Codechef: CMDL Challenge 2014: Cards, bags and coins

Http://www.codechef.com/APRIL14/problems/ANUCBC

Statement

Yet another game from chef. Chef gives youNCards andMBags. Each ofNCards has an integer written on it. now chef asks you to close your eyes and choose a subset of them. he then sums the numbers written on chosen cards, takes its absolute value and gives you those has coins. you win the game if you can divide these coinsMBags with each bag having equal share. As a first step to calculate the probability of winning, you wowould like to knowNumber of different subsets which will make you win. Note that all the cards are of different color, so even if 2 cards have the same number written on it, they are still considered as different cards.

Input

The first line of the input contains an integerTDenoting the number of test cases. The descriptionTTest cases follows.
First line of each test case contains two integersNAndQ.QDenotes the number of queries to be answered.

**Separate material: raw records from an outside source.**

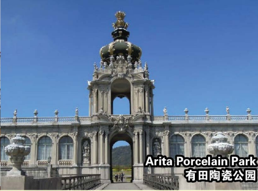
Arita Porcelain Park 有田陶瓷公園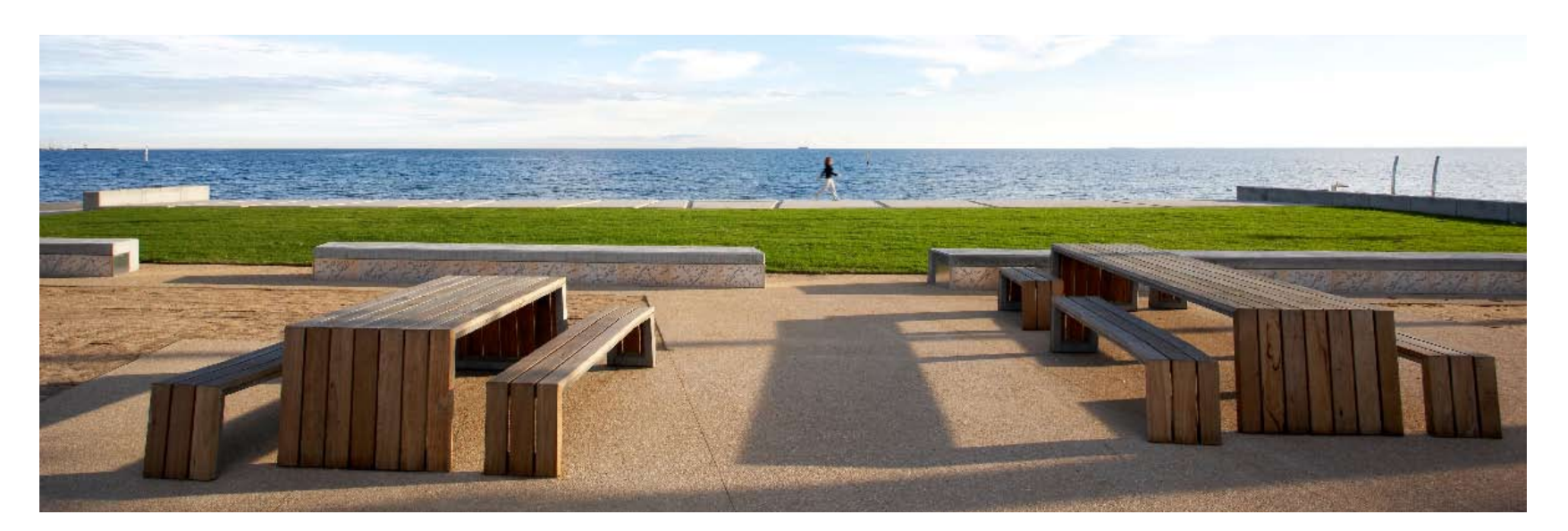
Right: Overall view of Elwood Foreshore

This project demonstrates that a seamless connection can be made between functional design (ie cars, bikes, walkers, boats, cleaners) and design elegance. The design has provided back to the community an open and inviting foreshore place, that can be used from causal to large scale, surf life saving and sailing club festivals.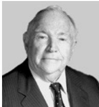
DONALD R. KEOUGH

Mr. Kent is Chairman of the Board and Chief Executive Officer of the Company. He has held the position of Chairman of the Board since April 23, 2009 and the position of Chief Executive Officer since July 1, 2008. From December 2006 through June 2008, Mr. Kent served as President and Chief Operating Officer of the Company. From January 2006 through December 2006, Mr. Kent served as President of Coca-Cola International and from May 2005 through January 2006, he was President and Chief Operating Officer of the Company's North Asia, Eurasia and Middle East Group. Mr. Kent originally joined the Company in 1978 and held a variety of marketing and operations roles until 1995, when he became Managing Director of Coca-Cola Amatil Limited-Europe. From 1999 until his return to the Company in May 2005, he served as President and Chief Executive Officer of the Efes Beverage Group, the majority shareholder of Turkish bottler Coca-Cola İçecek A.S. Other than the Company, he has not held any other public company directorships during the past five years.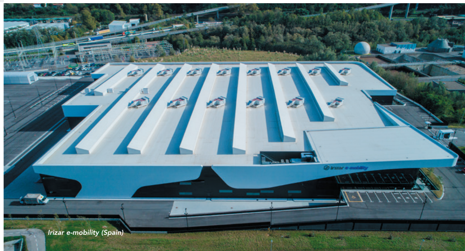
Irizar e-mobility (Spain)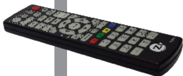
ZvSync Remote Control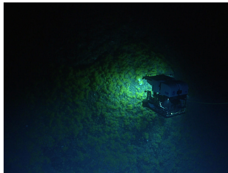
Remotely operated vehicle Deep Discoverer traverses over a field of live, yellow coral in the genus Eguchipsammia growing over the top of dead coral rubble seen during much of Dive 01 of the second Voyage to the Ridge 2022 expedition.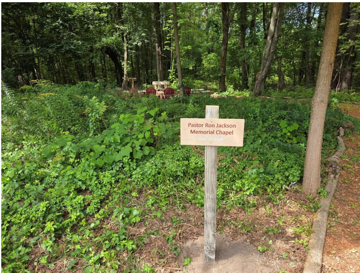
A new sign naming the Pastor Ron Jackson Memorial Chapel. What a beautiful way to honor our beloved friend.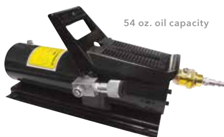
54 oz. oil capacity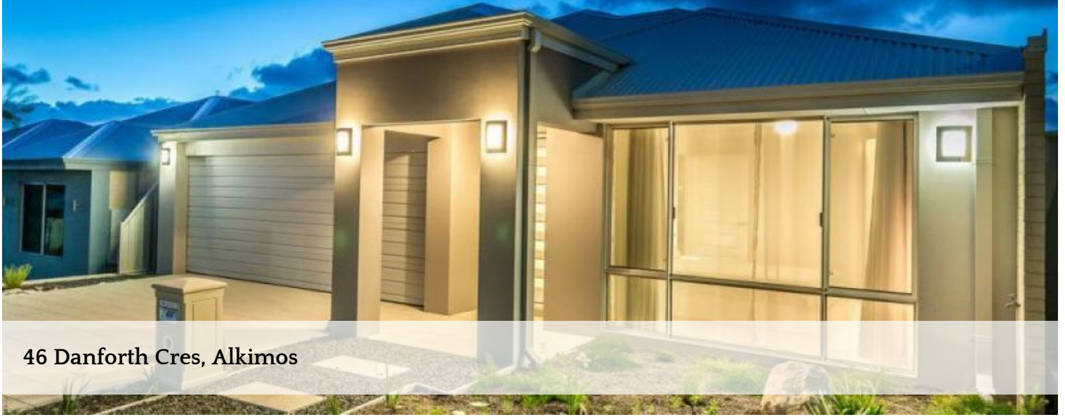
46 Danforth Cres, Alkimos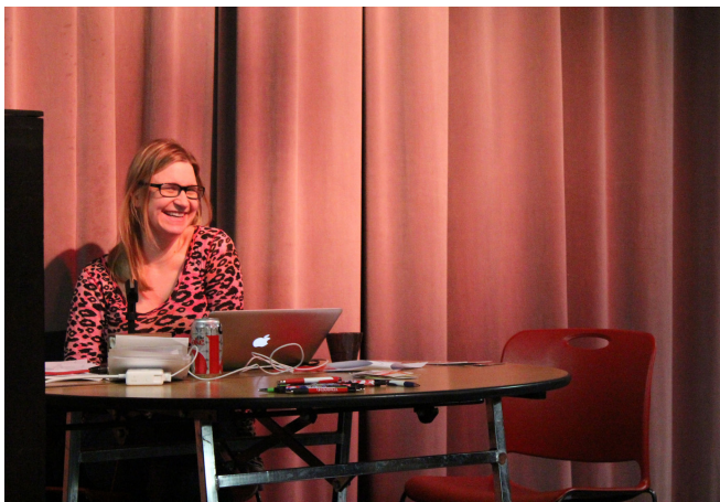
The Trivia Night was professionally hosted by Louisville Trivia, who graciously donated their time and services for the event.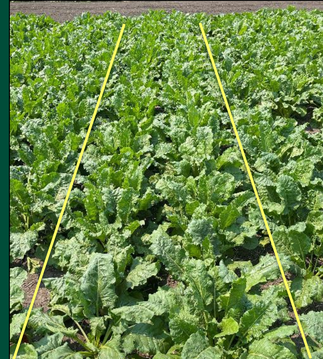
Poncho Beta + Mustang Maxx 4 oz DIF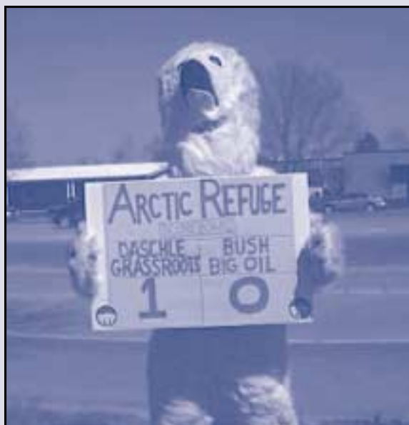
A polar bear greets President Bush in South Dakota with an Arctic Refuge Scoreboard.

threats, as detailed in this newsletter. For these reasons the Alaska Coalition needs your help now more than ever to help protect our last best place.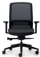
Aveya - Black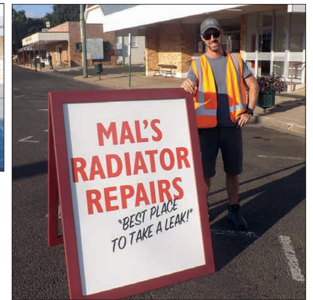
New business names appeared in Allora with the help of some set dressing.

DISCOVER THE ADVANTAGES OF USING A REGISTERED EXPERIENCED INSURANCE BROKER Rural Insurance Specialists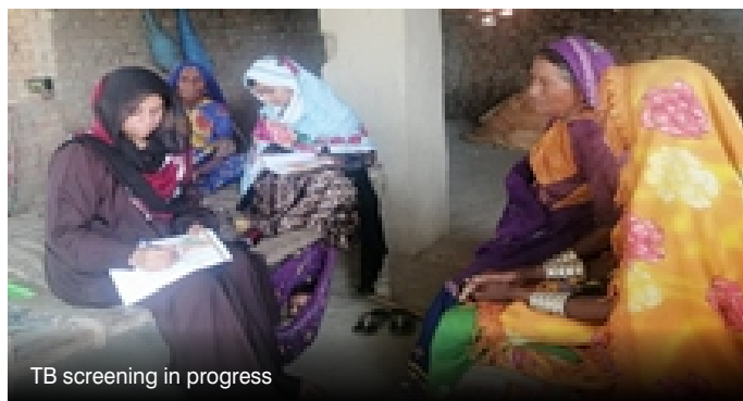
TB screening in progress

Pakistan, with an estimated 510,000 new TB cases emerging each year and approximately 15,000 drug-resistant TB cases every year, is ranked fifth among the high-burden countries worldwide. Therefore, to identify the TB cases, the LSO leaders conducted screening of the community individuals at the household level. This screening activity was facilitated by Community Health Solution (CHS) funded project Zindagi Naimat Hey, implemented by NRSP. A total of 1,100 individuals were screened in the UC by the CRPs, out of these, 93 individuals were found with TB symptoms. These patients with symptoms were provided tokens for treatment and referred to the CHS TB Centre for free treatment.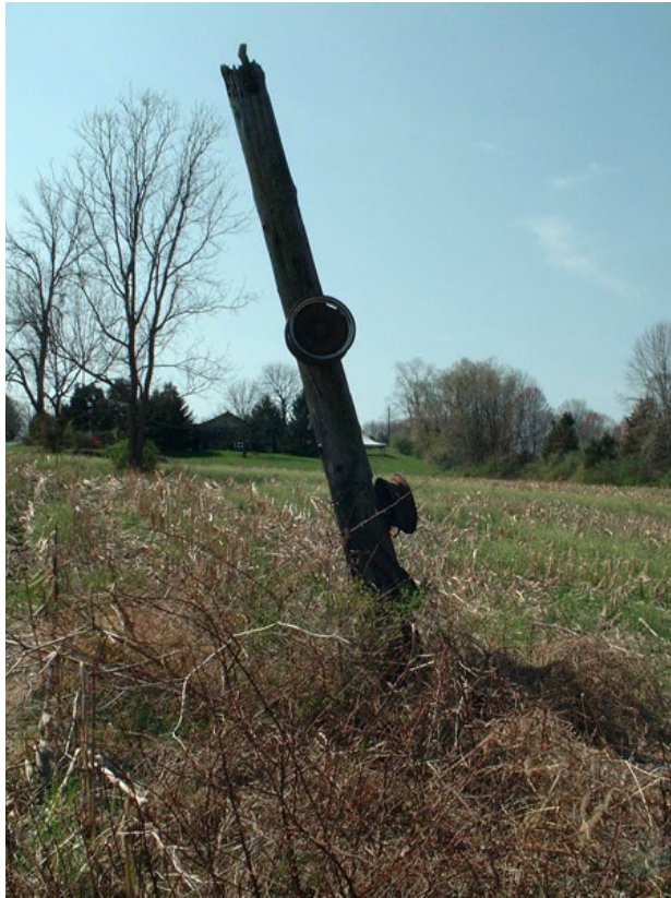
Bottom of a rope tow. Photo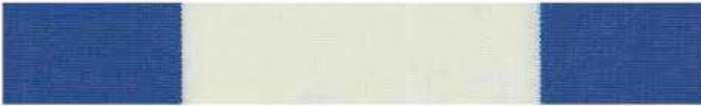
2359 AZUL REAL N UV Protection 60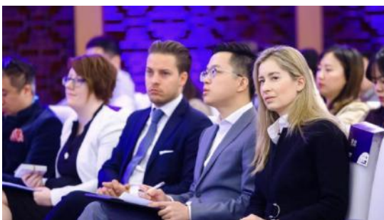
SI – Hungary Tourism Roadshow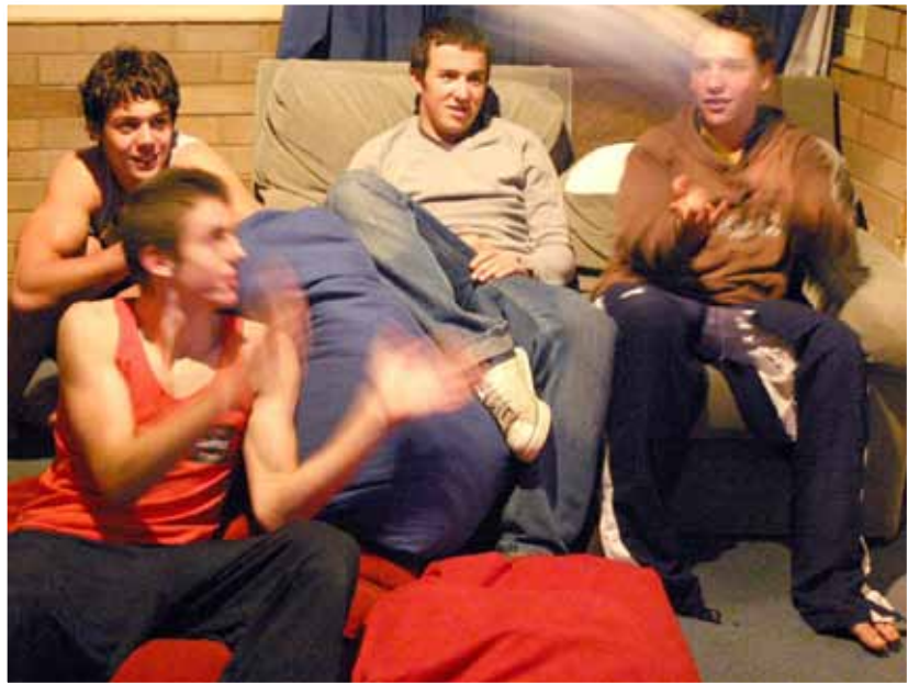
Senior boys enjoy 'time out' in one of the Boarding House common room

Inter-House competition, House sports, camping weekends and House social activities such as dinners all help to build House spirit and identity.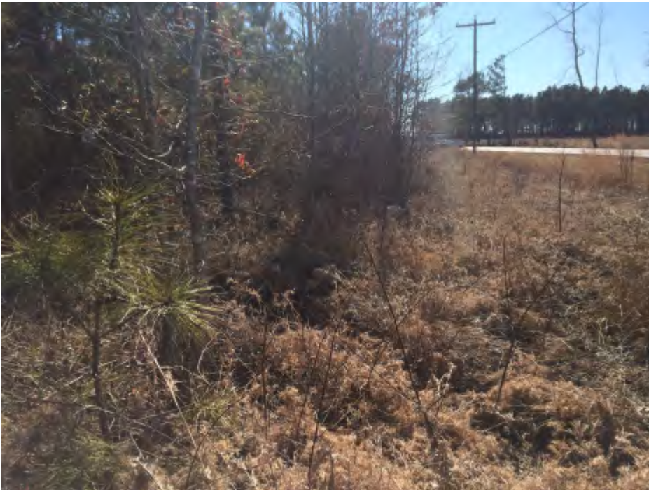
Photo 2 Wetland data point wsoa025e_w facing south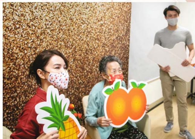
Mediacorp celebrities with our client for a photo session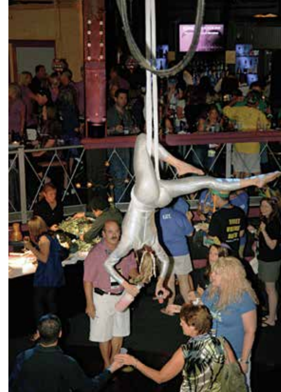
An aerialist pours cocktails for attendees during a reception at the popular venue Generations Hall.

The accounting firm’s meeting planner only booked one company activity because the group preferred to explore New Orleans on their own, including a trip to the Fair Grounds Race Course to watch the horse races. “Other than that, they were pretty much on their own. They loved that because in New Orleans, they could walk almost anywhere they wanted to go. Everything is so accessible. There’s the world-class dining, the historical area and there’s always Bourbon Street.”

Second line of each test case containsNIntegers, the numbers written on cards.
FollowingQLines contain an integerM.

Output

For each query output the required Answer modulo1000000009. Answer is the number of subsets that will ensure you win.

Constraints

• 1≤T≤3
• 1≤N≤100000
• 1≤Q≤30
• 1≤M≤100
• -10 ^ 9≤Number on card≤10 ^ 9

Example

Input25 11 2 -1 4 595 21 2 3 4 5515Output482

Explanation

Test Case #1, Query #1
{}, {1,-1}, {1,-, 5 },{} are winning subsets. Sums are 0, 0, 9, 9 respectively.

Test Case #2, Query #1
{}, {5}, {}, {2, 3}, {, 5}, {2, 3}, {1, 3, 3}, {1, 2, 3, 4, 5} are winning subsets. sums are 0, 5, 5, 5, 10, 10, 10, 15 respectively.

Test Case #2, Query #2
{}, {1, 2, 4, 5} are winning subsets. Sums are 0 and 15 respectively.

Author's Note

Time Limit is not very strict (Yes, not very loose either) if correct Algorithm is used. author's solution passes with 2 sec Time Limit (C ++ solution, using scanf and printf ).
Maximum Input File Size <4 MB.

Solution:

The meaning of the question is very tedious. In fact, it is a sentence to ask the subset elements of a set and the number of subsets of m (Modulo. It looks a bit like a backpack, but it's not all about it.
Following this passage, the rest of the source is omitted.